薑鴻義梗著脖子,“要不是你們不同意我娶白夢,我何必要騙你們。”
“合著還是我們逼你騙我們。”薑老爺子氣了個倒仰,操起玉石擺件砸過去,薑鴻義急忙躲開,被這玩意砸中搞不好要出人命。見他還敢躲,薑老爺子氣上加氣,“混賬東西,混賬東西。”
薑老爺子氣得渾身發軟跌坐在椅子裡,“那個女人到底給你灌了什麼**湯,竟然願意替彆人養兒子,你還想把我們薑家百年基業傳給那個野種。”
“嘉樹不是野種,”薑鴻義激動,“他就是我親生兒子!”
“他跟我們薑家有血緣關係嗎,他就是野種!”薑老爺子憤怒拍桌,“你願意當這個便宜爹,那是你自己犯賤,你憑什麼要求我和你奶奶跟著你一起犯賤去疼愛一個野種。你還想讓他繼承我們薑家,他算個什麼東西,他配嗎?還有你,你有什麼各自把我們薑家幾代人打拚下來的家業送給一個外人。那是你打拚下來的嗎?那是你曾祖父你祖父和我!”
薑老爺子拍著自己的胸口,“是我們三代人打拚下來的,跟你有什麼關係,你就是個坐享其成的二世祖。不是自己打拚出來的到底不心疼,為了討好一個女人,你就想把你祖宗三代人掙下的家業送給那個女人的兒子。你可真是個情種,港城第一大情種!”

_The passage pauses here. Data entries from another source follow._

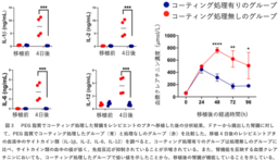 次に、コーティング処理した腎臓の効果を調べるために、腎移植後6時間と4日間の経過観察を行なったブタ腎移植モデルを用いて、移植後の評価を行いました(図3)。レシピエントブタにコーティング処理した腎臓を移植すると、移植直後にはコーティング膜は腎臓内で残存しており、半減期が14時間で、移植2日後にはほぼ消失することが確認できました。これは細胞膜に導入されたPEG脂質が徐々に脱離していくためと考えられます。移植後4日間経過のレシピエントブタの血液検査を行ったところ、コーティング処理有りのグループでは、補体系(C3a、sC5b-9)と凝固系パラメーター(TAT)、サイトカイン類(TNF、IL-1、IL-2、IL-4、IL-6、IL-10、IL-12、IL-18、IFN-)の値が、コーティング処理無しのグループと比較すると、統計的に有意に低いことが分かりました(図3左)。このことは、移植直後に起きる自然免疫が中心となる免疫反応の活性化や凝固反応が抑制されていることを示しています。また、腎機能の指標となる血漿クレアチニンを測定したところ、コーティング処理有りのグループではクレアチニンの値が統計的に有意に低く、移植後の腎機能が迅速に回復したことが示されました(図3右)。これらの結果から、コーティング処理有りのグループでは免疫系からの攻撃を防御することで、細胞機能の保護や血栓形成が回避でき、移植した腎臓が相応に機能していることが示唆されました。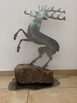 Zu den Maßen: ca. 75 cm hoch, ca. 58 cm breiteste Stelle, Gewicht ca. 35,4 kg, Beschreibung: Abbildung nach dem originalen Stadt-Hirsch, aus Stahl gefertigt, auf Stahlplatte mit Sandstein gefertigt, designt von Claus Schäfer, produziert von Holger Drewes und Bernhard Schmitz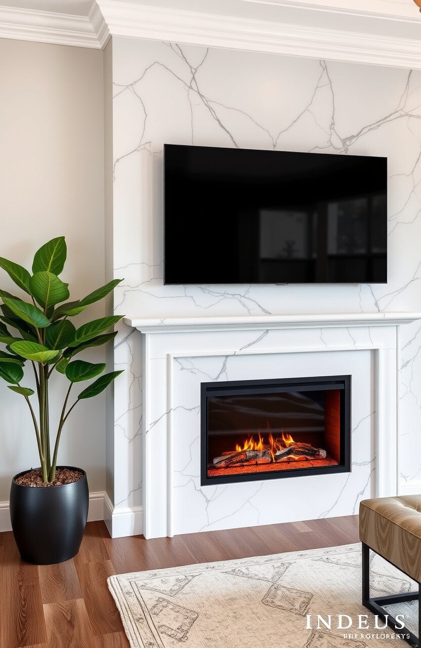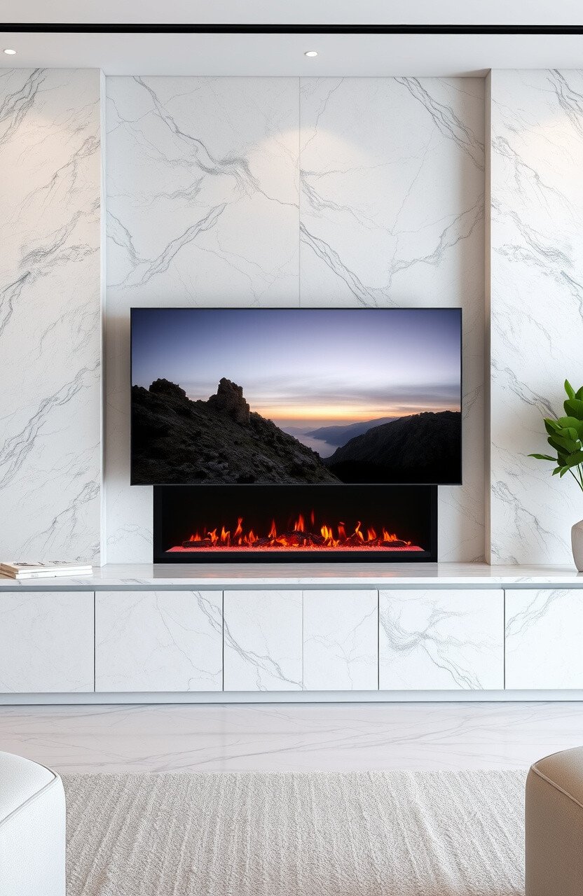 Imagine the elegance of marble blending seamlessly with the warmth of an electric fireplace. This combination not only creates a luxurious focal point but also adds a cozy ambiance to any living space.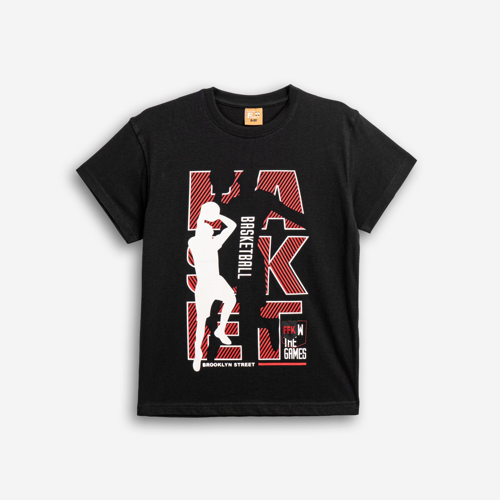Μπλούζα κοντομάνικη κάλτσα με τύπωμα (basketball player) σε χρώμα μαύρο για αγόρι 6-16 ετών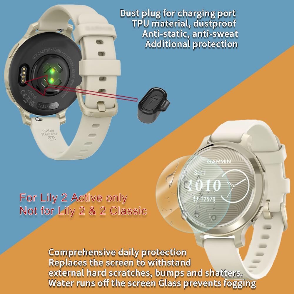Designed for Lily 2 Active, Includes 4 Tempered Glass screen protector + 4 charging dust plugs, not applicable to any other models. Please check your new Garmin Lily 2 Active model number and size before purchasing.(For Lily 2 Active only ,Not for Lily 2 & 2 Classic )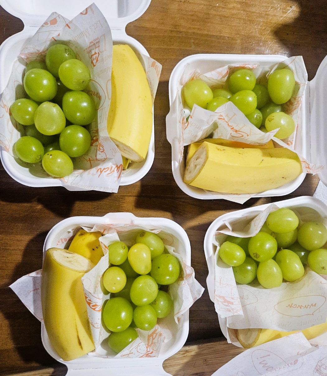 이제 남은 건 과일과 에어프라이에서 구운 치킨....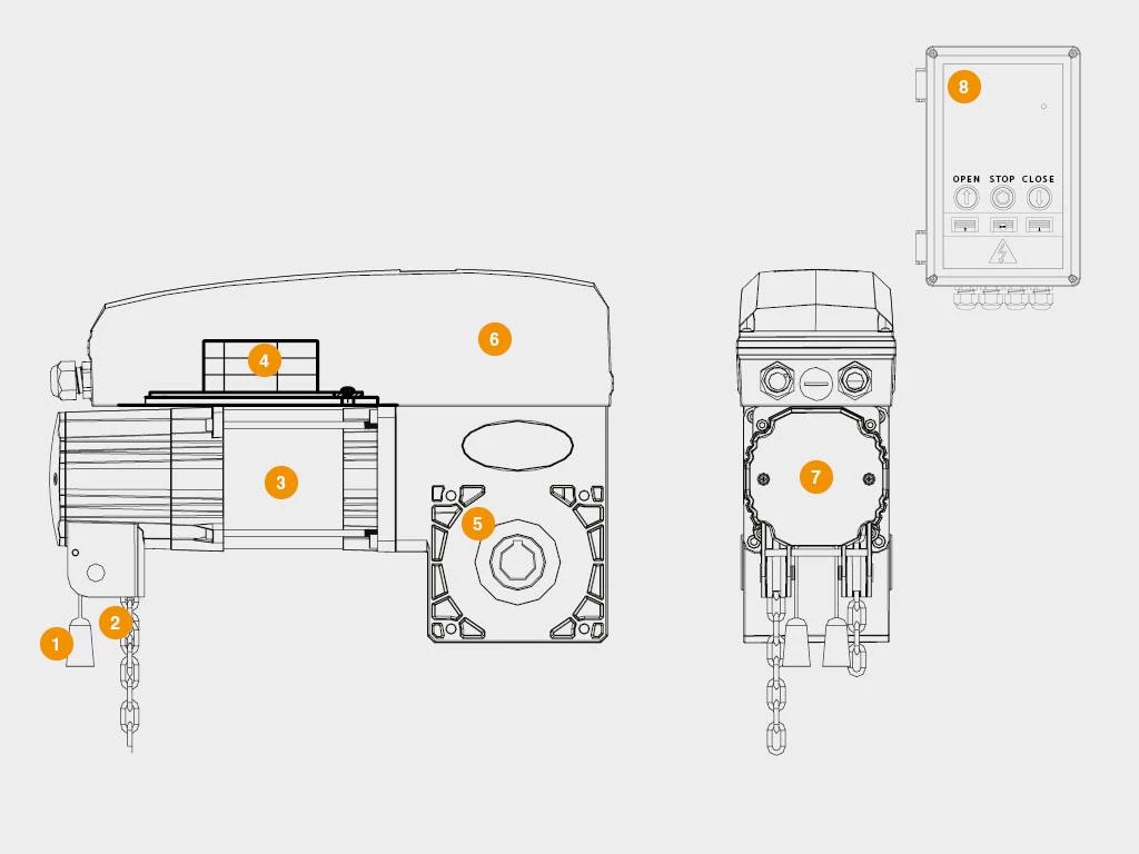 8. Перед запуском электрического привода исключите присутствие посторонних предметов в зоне работы устройства.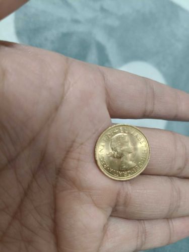 Small gold coin featuring the 'Mary Gillick' laureate bust of a young Queen Elizabeth II facing right. The inscriptions read 'ELIZABETH II DEI GRATIA REGINA F: D:'. The reverse typically features Saint George and the Dragon.

“你個目無祖宗的畜生!”薑老爺子再次拿起一個白玉鎮紙砸過去,“要知道你是這麼個敗家玩意兒,當年我就該掐死你。”
這一次薑鴻義沒躲開,他被薑老爺子罵懵了,鎮紙砸中肩膀,痛得薑鴻義踉蹌後退。
書桌後的薑老爺子呼哧呼哧喘氣,眼裡的失望觸目驚心,“我怎麼會有你這樣不孝的兒子,祖宗幾代人的基業差一點就斷送在你手裡,我們幾代人拿命拚出來的家業,成了你討好女人的東西,差一點點就便宜一個外人。”
“嘉樹不是外人,他姓薑,是我們養大的,他自己都不知道自己的身世,這跟親生的有什麼區彆!”薑鴻義反駁, “再說了,我又沒有親生兒子。”
“你有親生女兒!”薑老爺子厲聲,“合著在你眼裡,親生女兒還不如白夢的兒子金貴。我告訴你,就算沒有雲曦,我寧肯把財產捐出去,起碼還能得個好名聲。而不是留給一個野種,讓你爺爺在地底下都不安寧。”
有孫子,他肯定會把家業傳給孫子不會考慮孫女,可隻有孫女的情況下,那他肯定培養孫女,而不是找什麼職業代理人。圈子裡又不是沒有這樣的例子,老葉家不就是,隻有三朵金花,培養出來不比彆人家兒子差,起碼比薑鴻義這個眼裡隻有女人的不孝子出色。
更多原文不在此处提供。